The ratio “a/b” is typically between 0.33 and 0.45 for light twins. This ratio is not constant throughout the flight envelope however, and will depend on the actual angle of attack, sideslip angle, direction of the propeller rotation, P-factor, etc. For an airplane with sea-level (SL) standard-day (ISA) thrust-to-weight (T/W) ratios of 0.20-0.25 with both engines operating at V_YSE, and the single-engine (SE) T/W ratios of 0.10-0.125 at V_YSE, the zero-sideslip bank angle is somewhere between 1.90 and 3.20 degrees, not the standard five degrees drilled into many multi-engine students.

These conclusions are based on T/W ratios extracted from manufacturers published data for different aircraft, presuming of course new engines and propellers, along with perfect technique. Obviously, an older engine and propeller will produce less power and propulsive thrust, at the same DAs, and that will affect the optimum bank angle.
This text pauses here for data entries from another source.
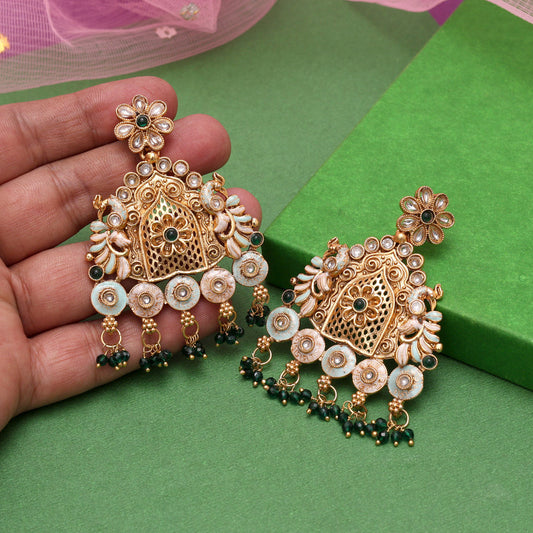 MKE1989GRN   Sold out Sold outGreen Color Meenakari EarringsRegular price ₹383.00 INRRegular priceUnit price / per₹510.00 INRSale price ₹383.00 INRSold out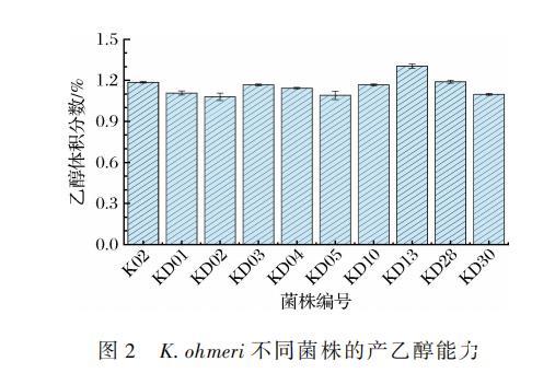 由图2可知,10株不同的K.ohmeri乙醇产量均大于1%(体积分数),KD13、KD28和K02产量较高,分别为1.30%、1.19%和1.19%。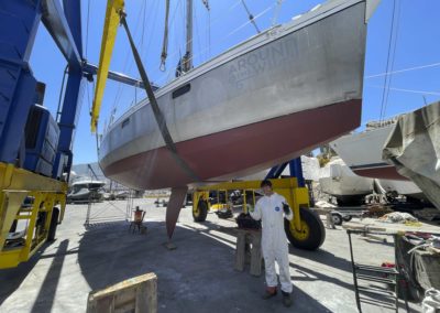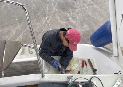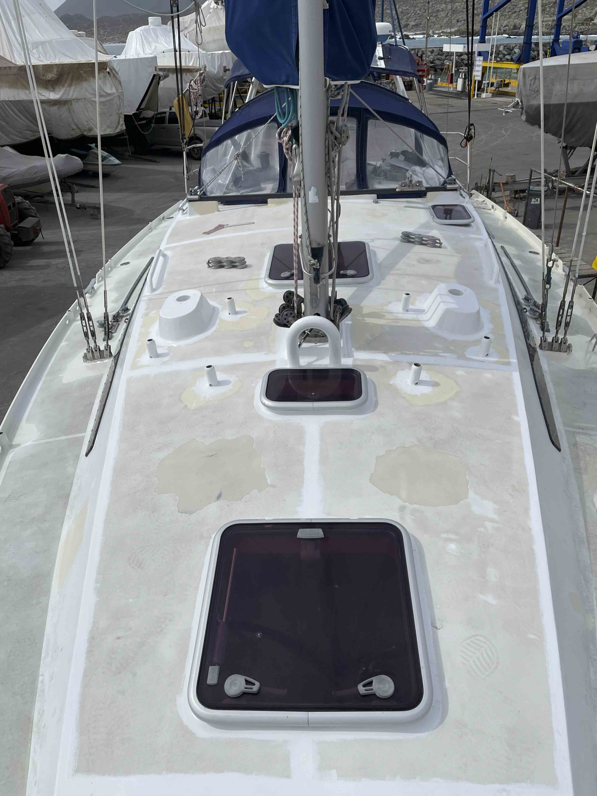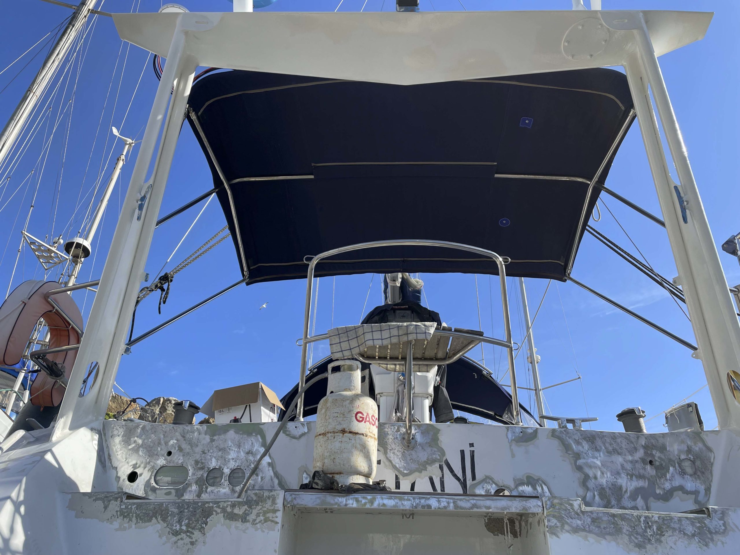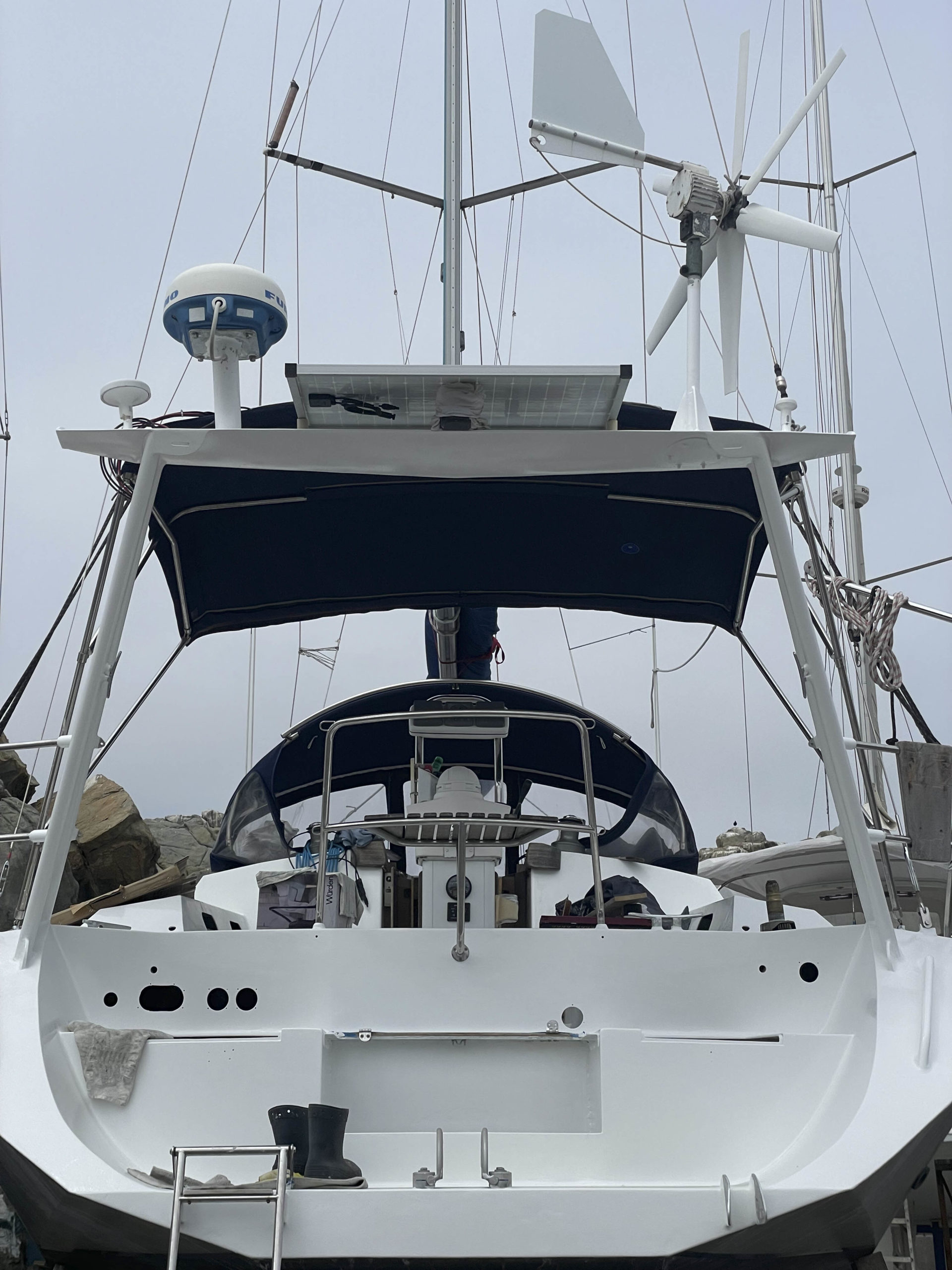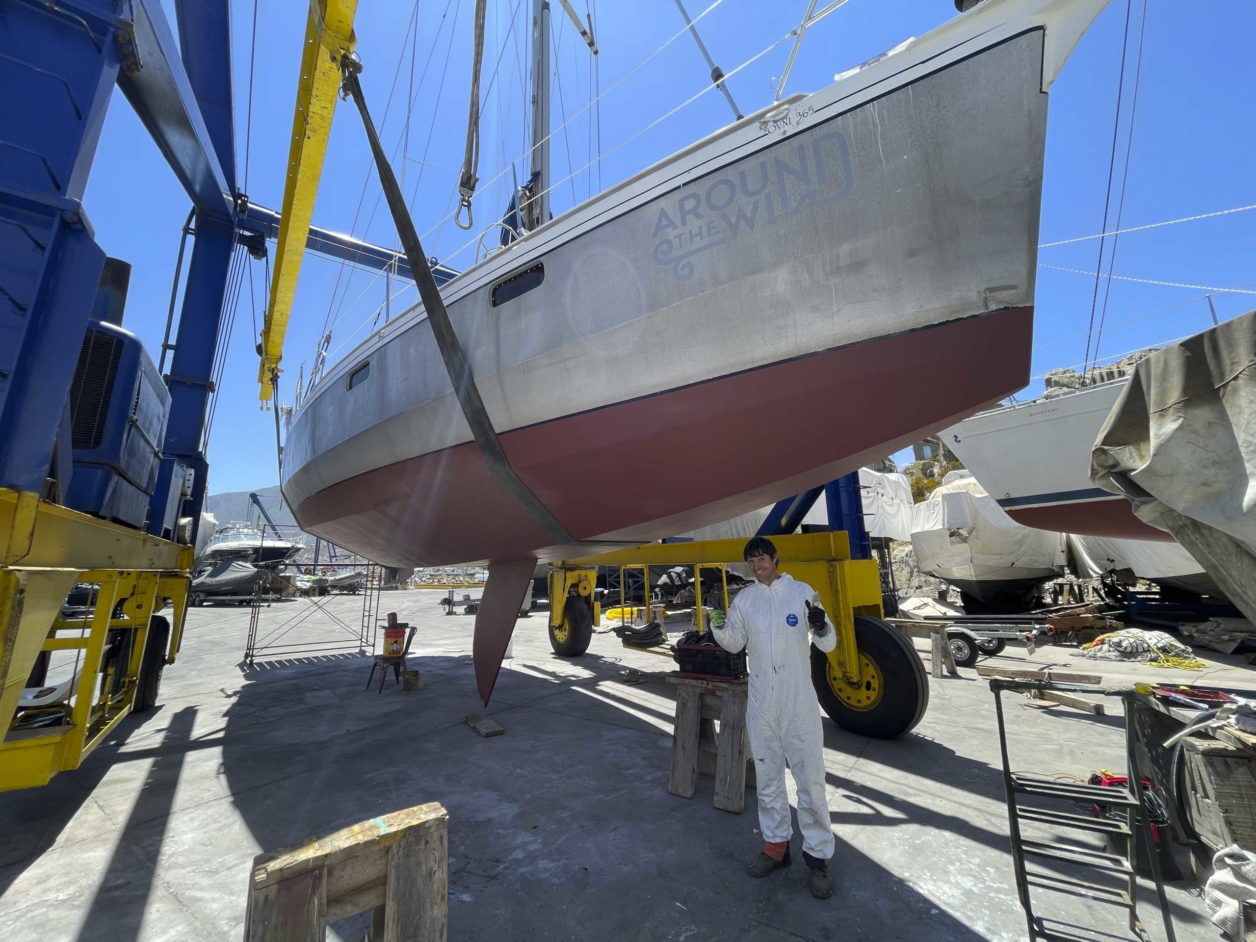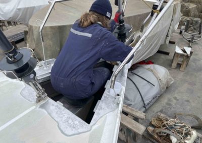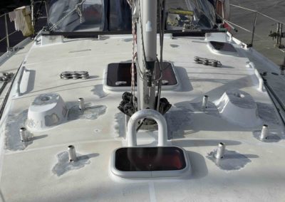 Au programme: changer le guindeau, refaire la peinture et appliquer un anti-dérapant sur tout le pont et la jupe, installer un nouveau panneau solaire, changer les bagues du safran, enlever les listons de notre table à manger, appliquer un nouvel anti-fooling, et d’autre petites babioles!

In Table 1, on page 18, the sea-level, standard-day zero-sideslip (optimum) bank angle calculations for F as a function of the weight for three popular light twins are summarized. These include the Piper Aztec (PA-23-250), a Cessna 310 equipped with 285-hp engines and a Piper Seminole (PA-44-180). As is apparent from Table 1, the change in optimum bank angle with weight reduction is relatively minor over the range of weights, from the maximum takeoff to practical minimum in-flight weights.

In Table 2, at left, the zero-sideslip bank angles are calculated for a DA of 5000 feet. In Figure 3, bottom left, the changes in optimum bank angle for the different in-flight weights and density altitudes for a PA-23-250 are summarized. Similar graphs can be designed for the Cessna 310, PA-44-180 or for any other light twin-engine airplane.

Multiengine pilots should understand, however, flying at the zero-sideslip or optimum bank angle when OEI in light twins does not guarantee any climb performance at all. Instead, doing so merely means overall drag is minimized. This is a critical operational consideration when conducting drift-down with OEI, as using such technique will maximize range. However, the element often missing from complete understanding of the aerodynamics involved is the optimum bank angle will change with altitude and weight when descending.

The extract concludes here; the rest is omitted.